Ahead of us the city gradually came into sight. Once a jewel in the crown of France, it was now a battered shell, its pale stone walls displaying ugly gaps, like the smile of an ageing man. In the twenty-three years since the English had marched into the capital of Normandy after a long and bloody siege, repairs had been done to the cathedral and castle but the damage inflicted by Henry the Fifth’s massive cannons on the city’s outer defences still showed as gaping scars, testament to the fact that the tightly defended borders of the duchy now prohibited any French attempt to retrieve the city at its centre, making repairs unnecessary. In this Year of Our Lord 1442 the commander of those defences and the King’s Deputy and Lieutenant General in France was Richard, Duke of York.

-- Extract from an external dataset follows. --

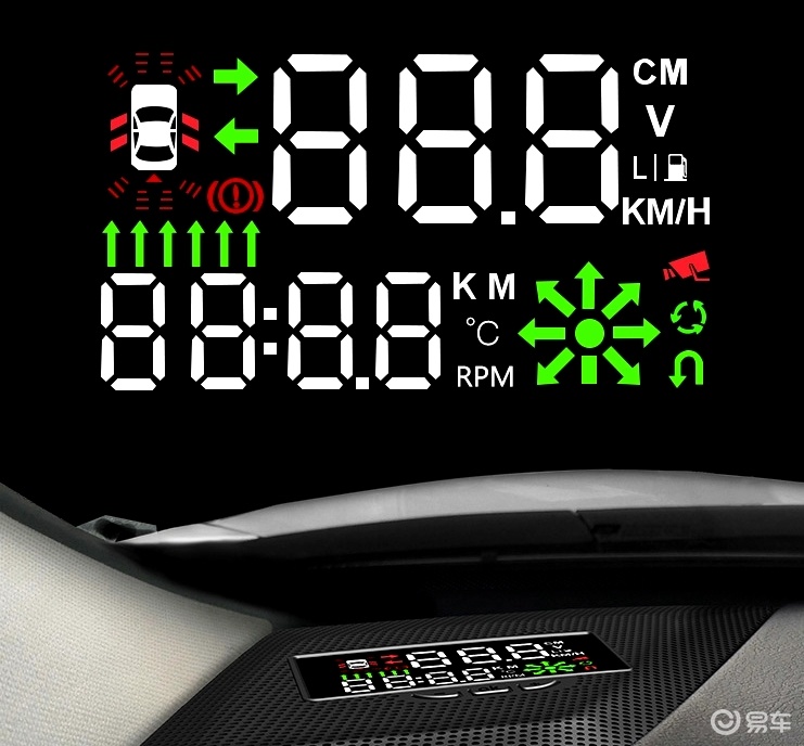 可根据自己车主个人习惯选择显示模式组合,有简洁模式、有多种功能一直组合模式,比如需要看时间、车速、导航,那就选择这个模式,随心所欲,让开车车况信息一目了然。

However, the sight that struck me most forcibly whenever I approached the city was not its crumbling walls but the extraordinary ghostly landscape surrounding them. In fields where crops had once grown, long strips of fabric in a hundred different shades of white now billowed in the breeze like the sails of some enormous land-locked armada. The famous linen weavers of Rouen had taken over farms abandoned as a result of the siege and employed them for cloth-crofting, the complicated business of employing the elements to turn their cloth the purest white. The process took months and involved successive soakings, first in urine and finally in buttermilk, with washing and extended periods of airing in between.

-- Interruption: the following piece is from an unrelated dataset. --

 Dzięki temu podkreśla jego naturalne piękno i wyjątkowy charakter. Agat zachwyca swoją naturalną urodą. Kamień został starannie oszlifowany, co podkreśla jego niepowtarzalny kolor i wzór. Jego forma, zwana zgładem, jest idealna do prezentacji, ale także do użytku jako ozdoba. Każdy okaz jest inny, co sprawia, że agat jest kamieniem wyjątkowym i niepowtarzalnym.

‘This is a sight to see, is it not?’ remarked the lady riding beside me. ‘They used to send the raw linen to Holland for crofting.’

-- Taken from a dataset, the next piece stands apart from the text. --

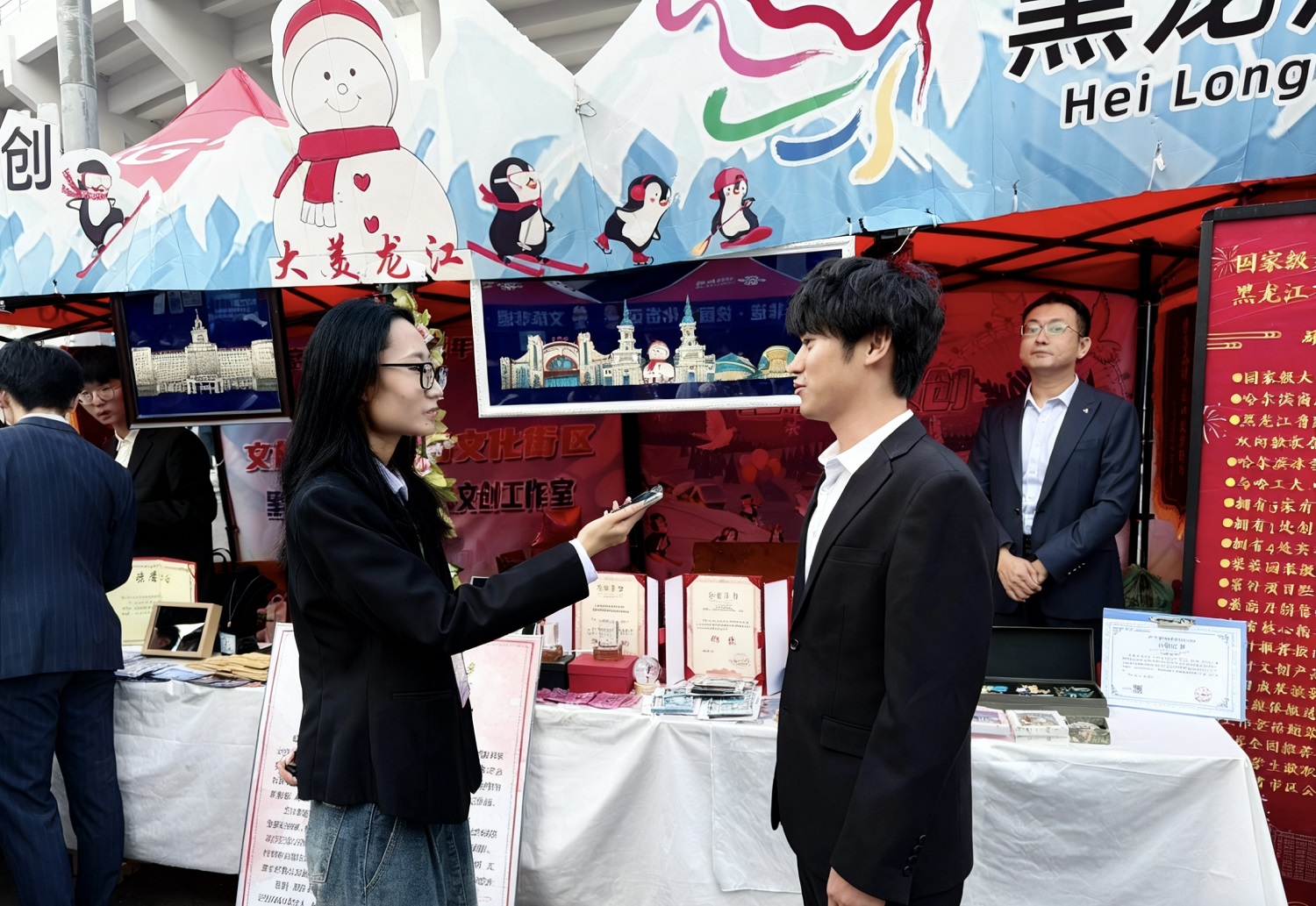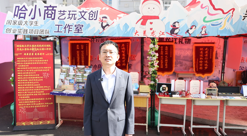 国家级大学生创业实践项目核心成员、哈小商艺玩文创工作室总负责人兼主席、创业孵化园213总店长、黑龙江锋创科技有限公司董事长兼法人曹玉超介绍说:“在老师的倾心指导下,目前,团队已荣获国家级、省级等奖项60余项。此外,团队还立足龙江、面向全国,大力推进校企合作交流,持续开展校外调研交流,与黑龙江旅投集团、哈尔滨冰雪大世界等多家企业开展合作,打造龙江文创品牌。2023年,工作室荣获学校年度学生集体称号。目前,团队累计注册成立3家公司,3000余名同学参与创业实践,多名同学毕业后到世界及全国500强企业工作。”参加此次嘉年华活动,“哈小商”不仅以青春创意为嘉年华赋能,更以实际行动诠释了校企协同育人的内涵,为龙江文旅融合注入了青春力量。

The lady was Anne, Countess of Stafford and I had been sent to Calais in command of a troop of men-at-arms to bring her safely to Rouen for her sister Cicely’s lying-in. Strictly speaking, I was brother to both these noble ladies, although as a mere knight, the division between our ranks could scarcely have been wider and this hazardous journey across the plains and forests of Picardy and northern Normandy had been the first time the Lady Anne and I had ever met. I had expected to find the task of escort irksome but had now decided that a man of any rank could do worse than spend a few days in the company of this spirited female. Although she was nine years older than Cicely and already well into her thirties, she was far from being middle-aged in her attitude to life and her elegant red-leather trappings and fashionable fur-trimmed riding huke disguised a practical, down-to-earth disposition. Several times during our ride from Calais, where her husband was captain of the embattled English garrison, we had been forced to draw swords and engage with desperate gangs of bandits called
écorcheurs
who haunted the northern forests, preying on unwary travellers, and far from cowering behind her escort the countess had unsheathed a useful poignard concealed in her riding boot and wielded it in earnest.